Which lines run from the one containing "新款吊燈【圓形95CM(8層K9水晶)】" to the end of the material below? Copy them exactly, pictures excluded.

RECORDED INFORMATION:
-----
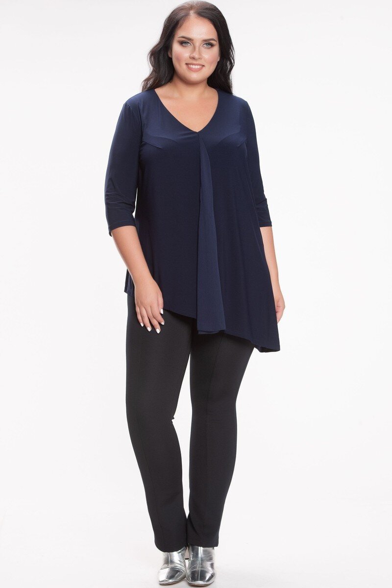 Например, блуза А-образного силуэта из трикотажного полотна глубокого синего цвета с асимметрией по низу и шифоновой вставкой выручит вас в разных ситуациях. Что-то подобное обязательно должно быть вашем гардеробе.
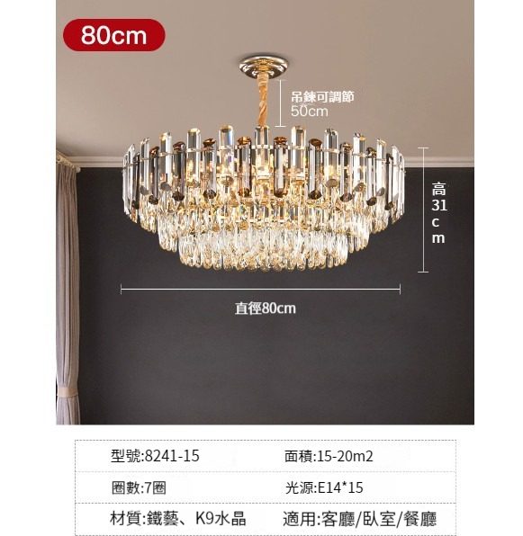 新款吊燈【圓形95CM(8層K9水晶)】
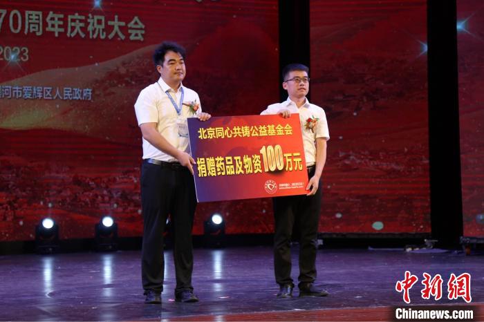 此次健康公益活動由北京同心共鑄公益基金會主辦?;顒诱陳圯x區(qū)新生鄂倫春族鄉(xiāng)鄂倫春族同胞下山定居70周年,受愛輝區(qū)委區(qū)政府邀請,北京同心共鑄公益基金會攜醫(yī)務(wù)志愿者、社會愛心人士參加了當(dāng)?shù)嘏e辦的相關(guān)慶?;顒?。其間,基金會向愛輝區(qū)捐贈價值100萬元人民幣的藥品及物資,基金會秘書長殷延志獲評為助力愛輝區(qū)鄂倫春族發(fā)展“貢獻(xiàn)杰出人物”。
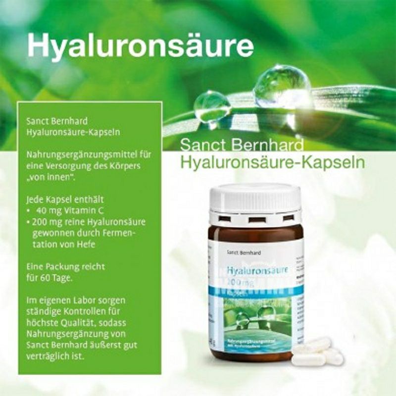 製品パラメータ 成分:ヒアルロン酸(56%)、ゼラチン、ビタミンC、微結晶セルロース充填剤、ステアリン酸マグネシウム離型剤。各ヒアルロン酸カプセルはビタミンC 40 mgと純ヒアルロン酸200 mgを含み、酵母エキス発酵により得られる。 適用者:成人 規格: 120粒 使用方法m−hは1日2回、毎回1粒である。 注意事項: 1、栄養品はバランスのとれた食事や健康的な生活様式に取って代わることができない。 2、保管時に直射日光を避ける。 3、本製品は病気の診断、診療或いは予防に使用しない。 販売地:Germany ブランド:Sanct Bernhard |
-----
TASK ANSWER:
 新款吊燈【圓形95CM(8層K9水晶)】
 此次健康公益活動由北京同心共鑄公益基金會主辦?;顒诱陳圯x區(qū)新生鄂倫春族鄉(xiāng)鄂倫春族同胞下山定居70周年,受愛輝區(qū)委區(qū)政府邀請,北京同心共鑄公益基金會攜醫(yī)務(wù)志愿者、社會愛心人士參加了當(dāng)?shù)嘏e辦的相關(guān)慶?;顒?。其間,基金會向愛輝區(qū)捐贈價值100萬元人民幣的藥品及物資,基金會秘書長殷延志獲評為助力愛輝區(qū)鄂倫春族發(fā)展“貢獻(xiàn)杰出人物”。
 製品パラメータ 成分:ヒアルロン酸(56%)、ゼラチン、ビタミンC、微結晶セルロース充填剤、ステアリン酸マグネシウム離型剤。各ヒアルロン酸カプセルはビタミンC 40 mgと純ヒアルロン酸200 mgを含み、酵母エキス発酵により得られる。 適用者:成人 規格: 120粒 使用方法m−hは1日2回、毎回1粒である。 注意事項: 1、栄養品はバランスのとれた食事や健康的な生活様式に取って代わることができない。 2、保管時に直射日光を避ける。 3、本製品は病気の診断、診療或いは予防に使用しない。 販売地:Germany ブランド:Sanct Bernhard |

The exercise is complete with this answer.